The BBB advises job seekers to research job offers to avoid job scams.

Boonchai Wedmakawand

  • Millions of people fall victim to job scams every year. That number has increased during the pandemic.
  • One fraud is to offer fake remote jobs that offer high pay for companies like Amazon and Walmart.
  • These scams have increased as more people are eager for remote jobs during the pandemic.

If you see a job offering to pay six figures shipping products from home, it could be a scam.

That’s because everyone wants to work from home right now, and fraudsters are taking advantage.

According to a December study, the share of online job postings that mention “remote work” nearly tripled across 20 countries between January 2020 and September 2021. At that time the Better Business Bureau (BBB) warned job seekers employment scams are on the rise amid a tumultuous COVID-19 job market. Scams are mostly hitting online job searchers through sites like Indeed with postings that require an upfront investment by the worker — often it appears these jobs are for companies like Amazon or Walmart.

With the latest COVID variant on the rise and people quitting their jobs in record numbers, working remotely has become massively appealing, but there are ways to avoid job scams while seeking high-paying remote work.

Scammers are preying on people who want remote work with better pay

The BBB said that job scams were the “riskiest” of all the ones they tracked in 2018 and 2019, and the numbers have only gone up.

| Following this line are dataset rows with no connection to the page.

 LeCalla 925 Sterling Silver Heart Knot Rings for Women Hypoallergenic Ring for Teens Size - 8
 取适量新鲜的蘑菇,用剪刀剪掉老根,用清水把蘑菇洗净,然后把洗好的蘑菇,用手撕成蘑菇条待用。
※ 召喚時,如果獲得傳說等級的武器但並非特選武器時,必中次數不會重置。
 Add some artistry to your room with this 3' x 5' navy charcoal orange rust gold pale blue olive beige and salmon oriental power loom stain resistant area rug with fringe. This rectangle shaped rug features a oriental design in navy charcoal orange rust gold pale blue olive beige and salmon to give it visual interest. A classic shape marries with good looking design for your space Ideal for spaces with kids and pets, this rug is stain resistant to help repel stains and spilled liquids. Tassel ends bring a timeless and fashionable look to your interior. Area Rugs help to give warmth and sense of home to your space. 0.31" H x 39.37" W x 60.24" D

Losses reported to the FBI about employment scams increased by 27% between 2018 and 2020, and complaints to the Canadian Anti-Fraud Center nearly doubled in 2020. There were nearly 14 million victims with $2 billion in losses related to these scams in 2020, the BBB found. 

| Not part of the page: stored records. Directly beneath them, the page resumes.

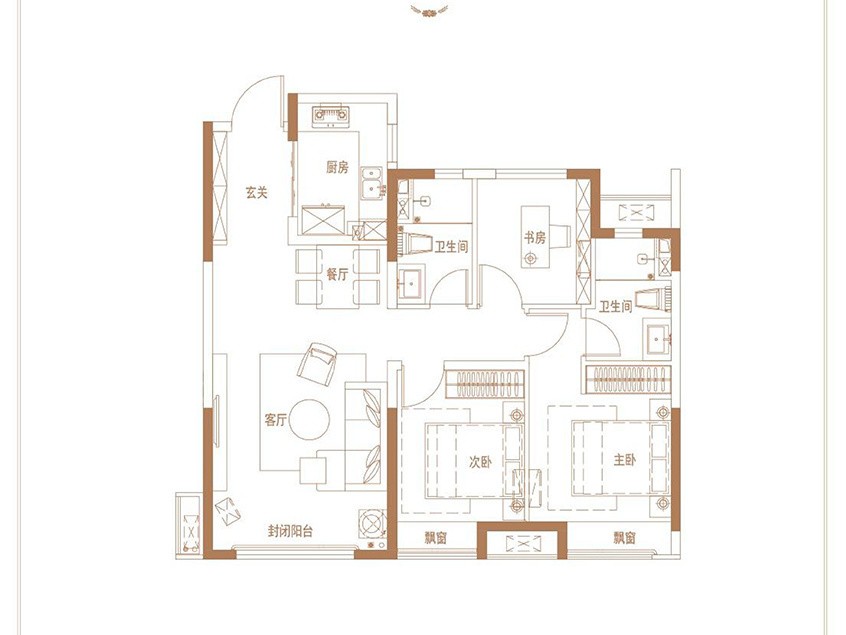 在戶型設計方面,E戶型是其主力戶型之一,該戶型為三居室、南北設計,長玄關(guān)設計演繹通透到底的功能沒學,衛(wèi)生間干濕分離,餐客廚三位一體,打造恰到好處的開放式體驗。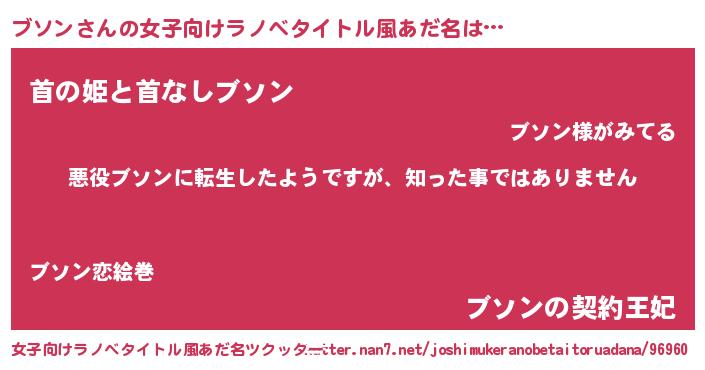| 男性向けラノベタイトル風あだ名 | 『この素晴らしい世界にブソンを!』 |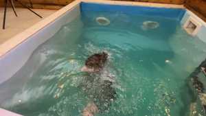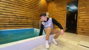 I sat on the edge of the pool and splashed, I felt my ass start to slowly get wet and I started to act immediately!  I went to the stairs that lead to the water and dangled my feet in sneakers in the pool, it was very cold water and I could not decide to go down into the water, although my desire was great!  I splashed myself with water from my hands and eventually sank under the water to get my head wet.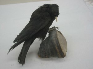 Vogel, Krähe, präpariert, auf Baumpilzsockel, selbststehend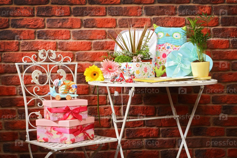 Цветы и подарки на металлическом столе на фоне стены из красного кирпича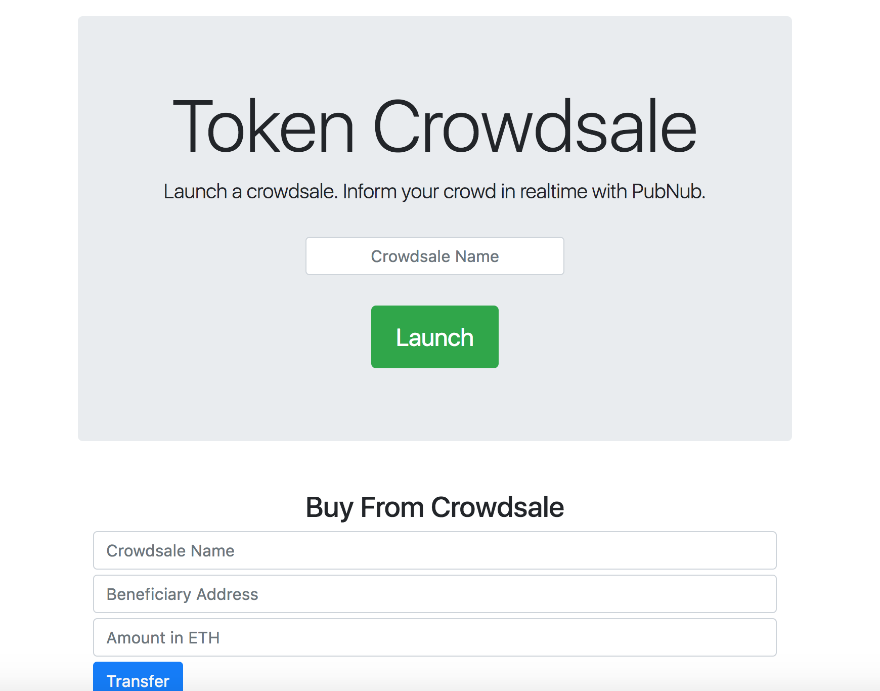 The app/ folder contains the web UI and also an extra bit of PubNub magic. When a crowdsale is launched, the owner has the option to text message all of their followers with the crowdsale details, so they can begin purchasing your token.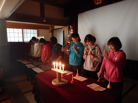 途中に、ハンドベル・鉄琴・木琴で奏でる先生たちからの歌のプレゼント♪

All the while, remote jobs remain massively appealing for workers as the pandemic rages on. A report from Indeed and the Organisation for Economic Co-operation and Development found in December that 2.5% of job postings mentioned remote work in January 2020, up to 7.5% by September of last year. These postings were largely concentrated in software development, marketing, and communications fields. 

An Insider study from last year found that 37% of respondents without a job wanted remote flexibility. For the last seven months of 2021, workers quit their jobs at near-record rates, totalling more than 38 million. Research shows the reasons include a desire for more pay and less exposure risk. Even though pandemic restrictions eased last year following the wide release of vaccines, remote job postings endured, the researchers wrote.

Fraudsters use sites like Indeed to post jobs that require an upfront cost

Scammers engaged their targets through online job platforms, 32% of them reaching people through the website Indeed, 7% through Linkedin, and 6% through Facebook. The BBB’s 2020 report found that people between the ages of 25 and 34 are most often victimized by job scammers, and that most victims are women — 67% of complaints being filed by them. The largest number of victims believed that they were being hired by Amazon and Walmart.

These schemes have resulted in a large increase in scams that involve reshipping goods purchased with stolen credit cards, the BBB says. Reshipping scams represent 65% of the scam job market, wherein scammers hire victims from job boards and pay them to receive and send packages that they’re never reimbursed for. Other common schemes involve providing victims with counterfeit checks, asking them to send money to third parties for equipment to perform the job that never arrives. 

The BBB advises job seekers to research job offers to avoid job scams, saying they should call or go directly to the actual company’s website for contact information to verify the posting. People can also verify jobs against the BBB website, or create separate email addresses and bank accounts for potential employers to use. The full list of tips is available on the BBB website.